Tidak ada yang bisa dilakukan siapa pun setelah pria besar itu berbicara. Jadi Sylvester dan Aurora mengikuti di belakang tubuh kolosal itu dan memasuki kereta raksasa Lord Inquisitor.
Saat mereka menuju Istana Paus, Inkuisitor High Lord terus menatap Sylvester dengan mata merahnya yang bersinar di balik pelindung wajahnya.
‘Apa yang dia inginkan sekarang? Aku hanya mencium amarahnya yang biasa. Mengapa dia selalu marah?’ Sylvester bertanya-tanya dan berusaha menghindari menoleh ke belakang dengan canggung.
“Penyair muda, aku mendengar tentang kemajuanmu dalam pelatihan bersama Paus. Seberapa yakin kau bisa mengalahkan Penyihir Agung peringkat atas?” tanya Lord Inquisitor tiba-tiba.
‘Apakah ini sebuah tes?’
“Aku tidak bisa mengalahkan Archwizard tingkat atas secara langsung, tapi aku yakin bisa bertahan lebih lama darinya di Solarium dan mengalahkannya selama aku tidak terlalu banyak terluka,” jawabnya.
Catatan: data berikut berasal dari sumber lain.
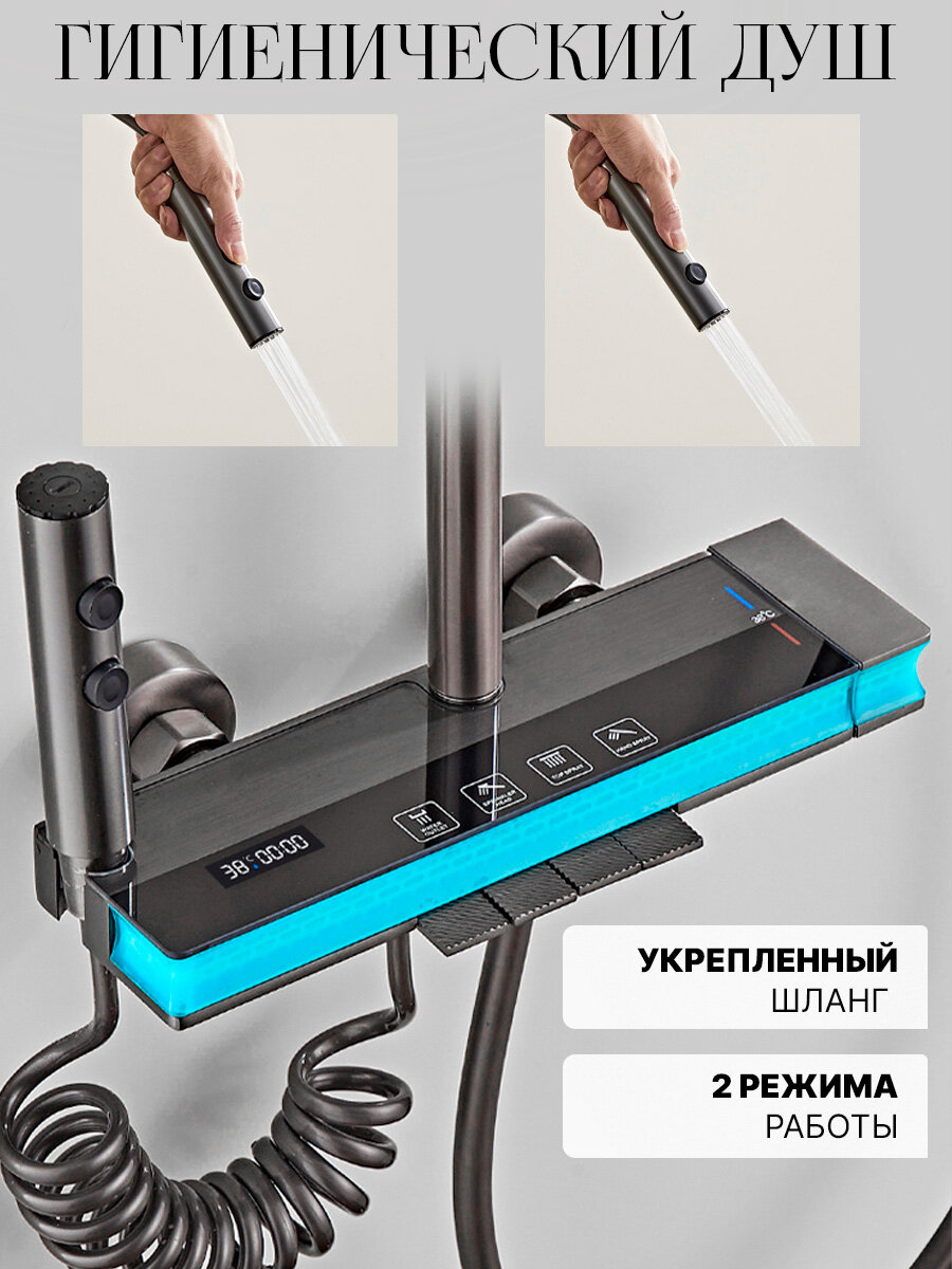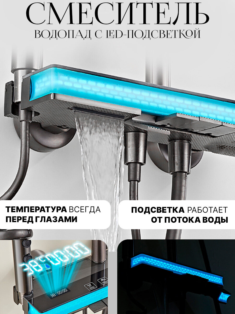 Душевая система DHome 3в1 с тропическим душем и подсветкой, цвет серый металлик
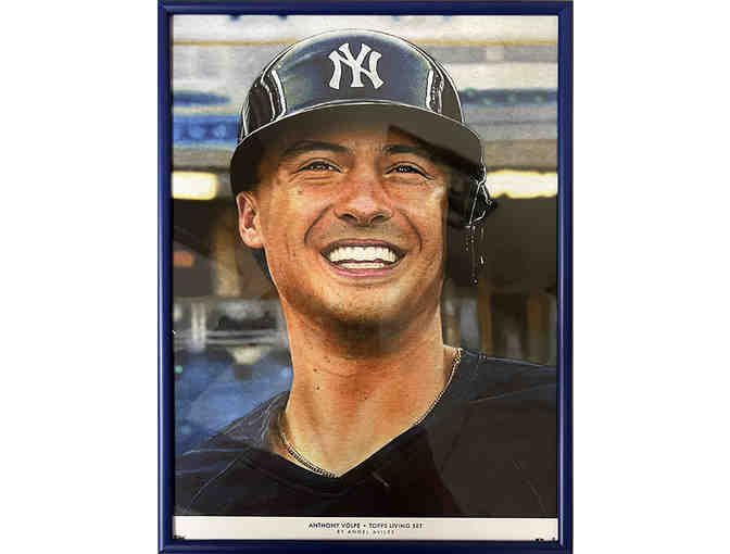 Framed sports card reproduction of Anthony Volpe of the New York Yankees, by Angel Aviles, 12” x 16”

Mata Inkuisitor Agung berbinar, dan pria itu mengangguk. “Jadi kau adalah kuda pacuan jarak jauh. Selama kakimu masih kuat, kau mungkin bisa memenangkan perlombaan. Tapi itu tidak cukup, karena musuhmu kejam dan tangguh. Pembunuh bayaran, mata-mata, makhluk-makhluk kotor dari dunia lain—mereka ingin menghancurkanmu hingga tak tersisa.”
‘Apa-apaan ini… Kenapa tiba-tiba pemujaannya berlebihan sekarang? Apa aku melakukan sesuatu baru-baru ini?’ Sylvester bertanya-tanya dengan bingung.
“Aku akan segera naik level ke Archwizard level empat, Lord Inquisitor,” jawabnya dengan hormat.
Tepuk! Tepuk!
Aurora menepuk bahunya. “Itulah adikku! Aku tahu kau istimewa sejak pertama kali melihatmu di Sekolah Fajar.”
‘Kebohongan! Aku mencium bau kebohongan yang begitu jelas dan lantang!’
“Terima kasih, Lady Aurora.” Sayangnya, dia sedang tidak ingin bercanda. Sebaliknya, dia mengkhawatirkan teman-temannya, karena merekalah satu-satunya orang di dunia yang bisa diandalkannya selain Xavia dan Sir Dolorem.
“Di mana Sir Dolorem?” tanyanya.
“Dia pergi berlatih dengan Penjaga Kedua. Jangan khawatir. Aku sudah mengirim seorang Inkuisitor untuk menjemputnya,” jawab Lady Aurora.
‘Bagus, aku butuh beberapa orang yang bisa dipercaya dalam misi ini. Kadipaten Utara… Mungkinkah Bayangan Masan juga terlibat dalam hal ini? Pria itu merencanakan skemanya selama lebih dari sepuluh tahun, jadi kepergiannya seharusnya tidak berarti semua rencananya sudah berakhir.’
Dia tidak tahu harus berbuat apa kali ini. Puluhan surat Felix dari beberapa bulan terakhir dengan jelas mengungkapkan bahwa tidak ditemukan konspirasi di Kadipaten Iceling. Dia akan meragukannya jika itu hanya laporan dari Felix, tetapi Uskup Lazark juga ada di sana, yang merupakan Inspektur Santcum yang berpengalaman. Belum lagi, Elyon, si Manusia Hewan, adalah seorang pedagang, sehingga berpengalaman dalam mengungkap kebohongan.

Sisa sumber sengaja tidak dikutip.